• [REQUIREMENT]: When you copy the listing, skip the images and return each line verbatim.

• [DATA PROVIDED]:
★ ★ ★ ★ ★ ★ ★
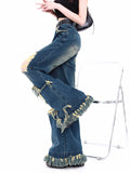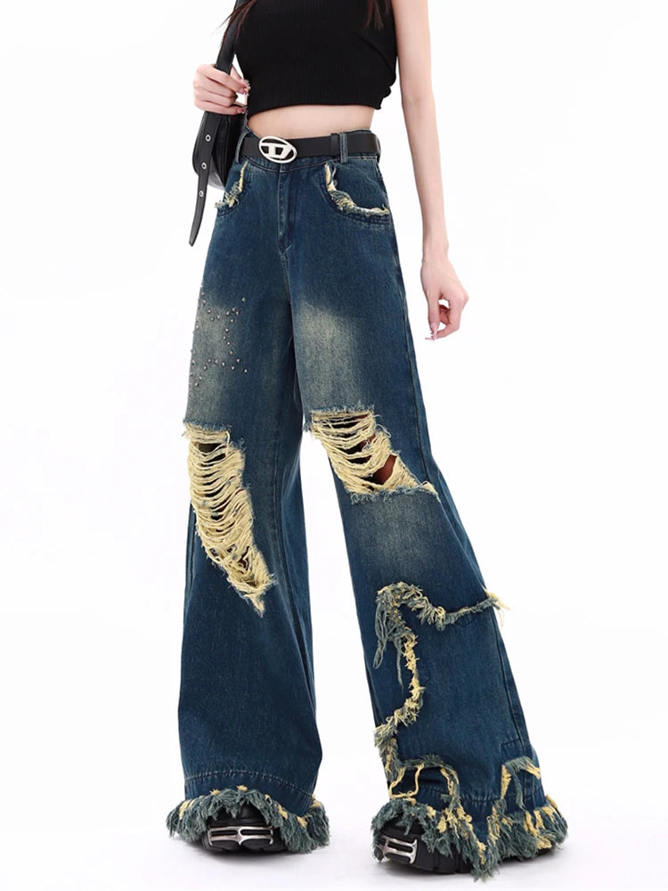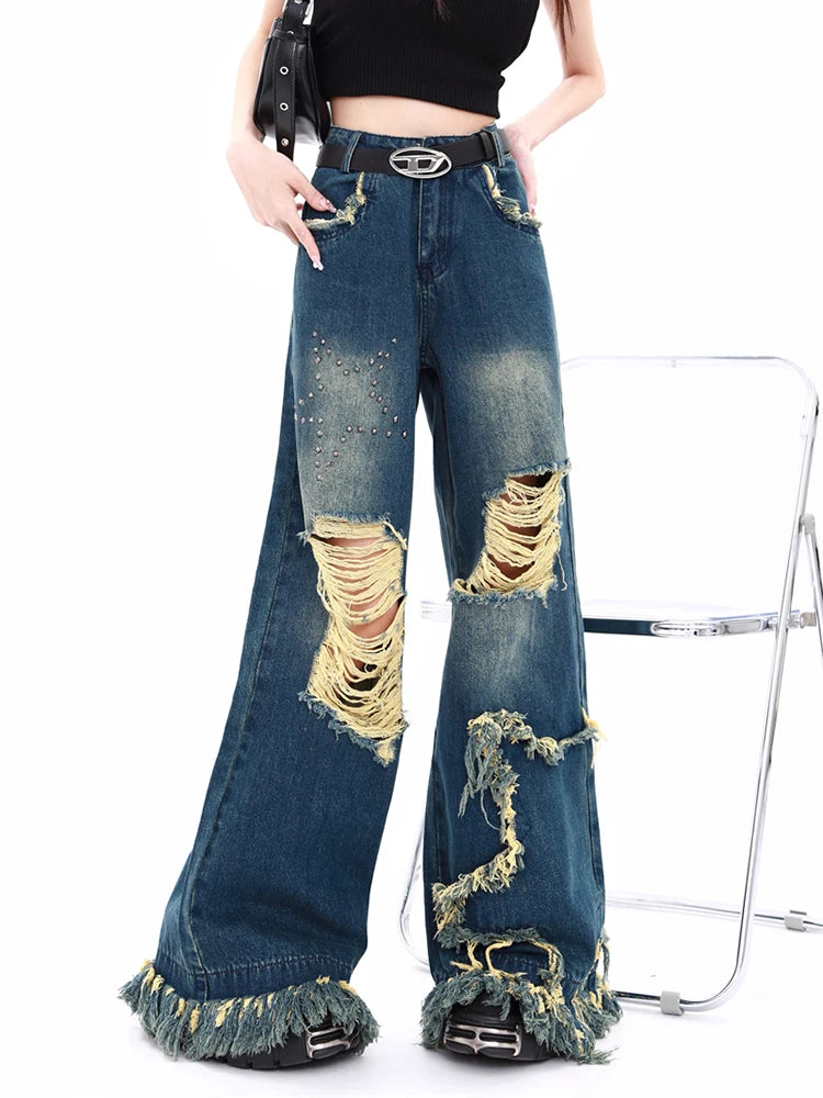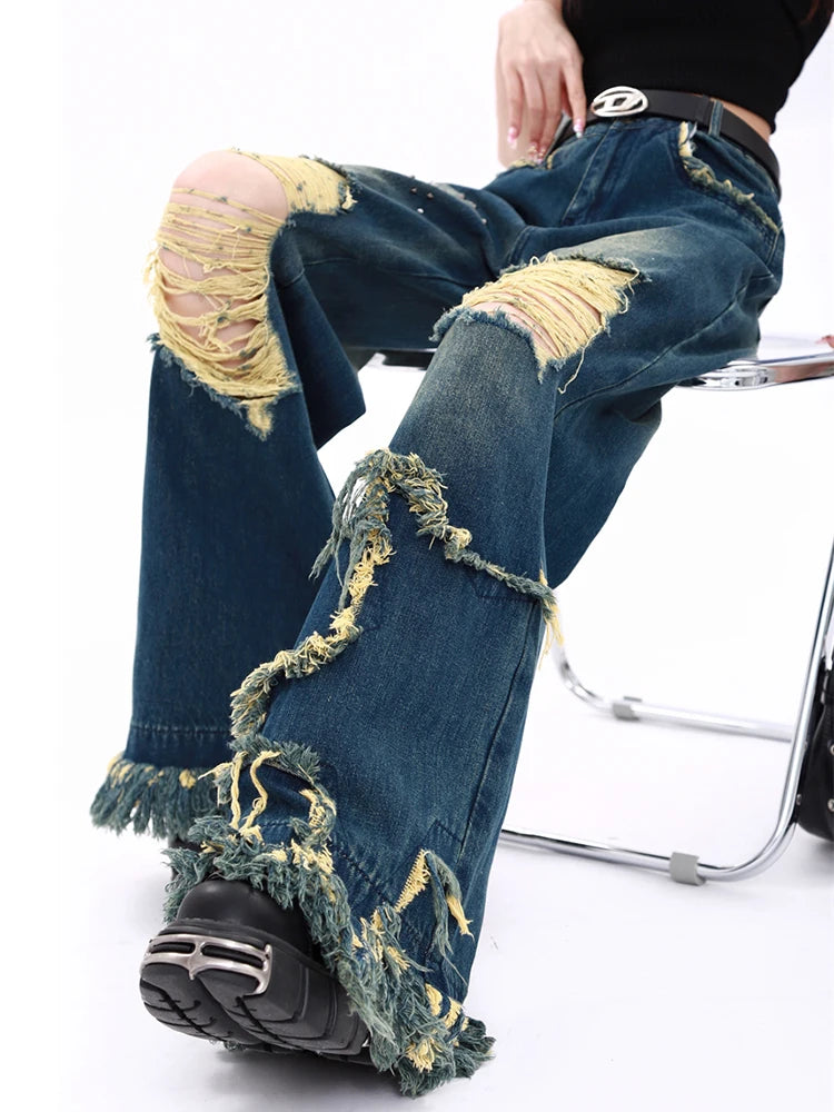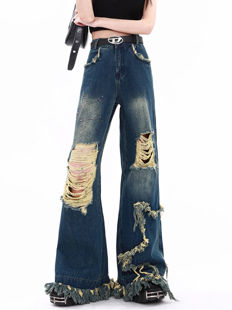 Amerikan retro tarzının en çarpıcı örneği olan bu yırtık kot pantolon ile kendinizi ifade edin! Hem rahat hem de cesur bir görünümle sokak modasında fark yaratın.
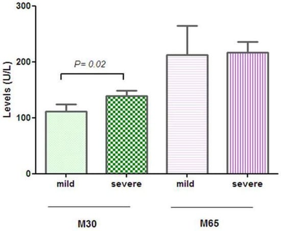 However, the data are conflicting due to recent studies that have shown low sensitivity and poor diagnostic performance of CK18 tests [86,87]. Our preliminary data on the evaluation of circulating levels of CK18-M30 fragments and CK18-M65 with ELISA Kit-PEVIVA (DiaPharma) have demonstrated that the subjects with severe steatosis had significantly higher plasma levels of CK18-M30 fragments compared to subjects with mild steatosis (Mann–Whitney Test). No statistically significant difference was observed in CK18-M65 fragment levels between two groups of NAFLD patients studied (Figure 1). The CK18-M30 is specifically indicative of apoptosis, whereas the CK18-M65 is indicative of total cell death (apoptosis and necrosis).
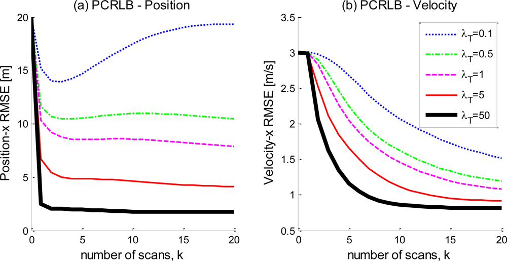 In the simulation, the sensor is also static and at the origin of the coordinate system, while the target moves with initial velocity (vx0, vy0) = (10, 15) starting from the initial position (15000,10000). The initial FIM is J0 = {[diag (20, 3, 20, 3)]−2}−1. The covariance of the state noise is Qk = diag (3, 0.1, 3, 0.1), and the measurement noise is zero-mean white Gaussian noise with standard deviations of σρ = 5 and σθ = 0.1°. The mean number of measurements per frame is λT = 2.5, and the time interval is T = 1. All the parameter units are in the metric system. The estimation bounds calculated by the EIRF approach for the position and velocity along both the x and y axes are shown in Figure 5. Equation (28) indicates that the estimation performance bound is affected by the number of measurements originating from the target. In the EIRF methodology, the overall impact is manifested as a constant scalar, the mean number of measurements per frame. The curves (calculated by the EIRF approach) for the target position and velocity in the direction of the x axis for various values of the Poisson intensity (the mean number of measurements per frame) λT is shown in Figure 6(a) and (b), respectively. The curve corresponding to λT = 1 is equivalent to the point target tracking bound, and, therefore, the simulation results indicate that the large quantity of measurements decreases the estimation bound, therefore possibly improving the estimation accuracy.
★ ★ ★ ★ ★ ★ ★
• [TASK ANSWER]:
 Amerikan retro tarzının en çarpıcı örneği olan bu yırtık kot pantolon ile kendinizi ifade edin! Hem rahat hem de cesur bir görünümle sokak modasında fark yaratın.
 However, the data are conflicting due to recent studies that have shown low sensitivity and poor diagnostic performance of CK18 tests [86,87]. Our preliminary data on the evaluation of circulating levels of CK18-M30 fragments and CK18-M65 with ELISA Kit-PEVIVA (DiaPharma) have demonstrated that the subjects with severe steatosis had significantly higher plasma levels of CK18-M30 fragments compared to subjects with mild steatosis (Mann–Whitney Test). No statistically significant difference was observed in CK18-M65 fragment levels between two groups of NAFLD patients studied (Figure 1). The CK18-M30 is specifically indicative of apoptosis, whereas the CK18-M65 is indicative of total cell death (apoptosis and necrosis).
 In the simulation, the sensor is also static and at the origin of the coordinate system, while the target moves with initial velocity (vx0, vy0) = (10, 15) starting from the initial position (15000,10000). The initial FIM is J0 = {[diag (20, 3, 20, 3)]−2}−1. The covariance of the state noise is Qk = diag (3, 0.1, 3, 0.1), and the measurement noise is zero-mean white Gaussian noise with standard deviations of σρ = 5 and σθ = 0.1°. The mean number of measurements per frame is λT = 2.5, and the time interval is T = 1. All the parameter units are in the metric system. The estimation bounds calculated by the EIRF approach for the position and velocity along both the x and y axes are shown in Figure 5. Equation (28) indicates that the estimation performance bound is affected by the number of measurements originating from the target. In the EIRF methodology, the overall impact is manifested as a constant scalar, the mean number of measurements per frame. The curves (calculated by the EIRF approach) for the target position and velocity in the direction of the x axis for various values of the Poisson intensity (the mean number of measurements per frame) λT is shown in Figure 6(a) and (b), respectively. The curve corresponding to λT = 1 is equivalent to the point target tracking bound, and, therefore, the simulation results indicate that the large quantity of measurements decreases the estimation bound, therefore possibly improving the estimation accuracy.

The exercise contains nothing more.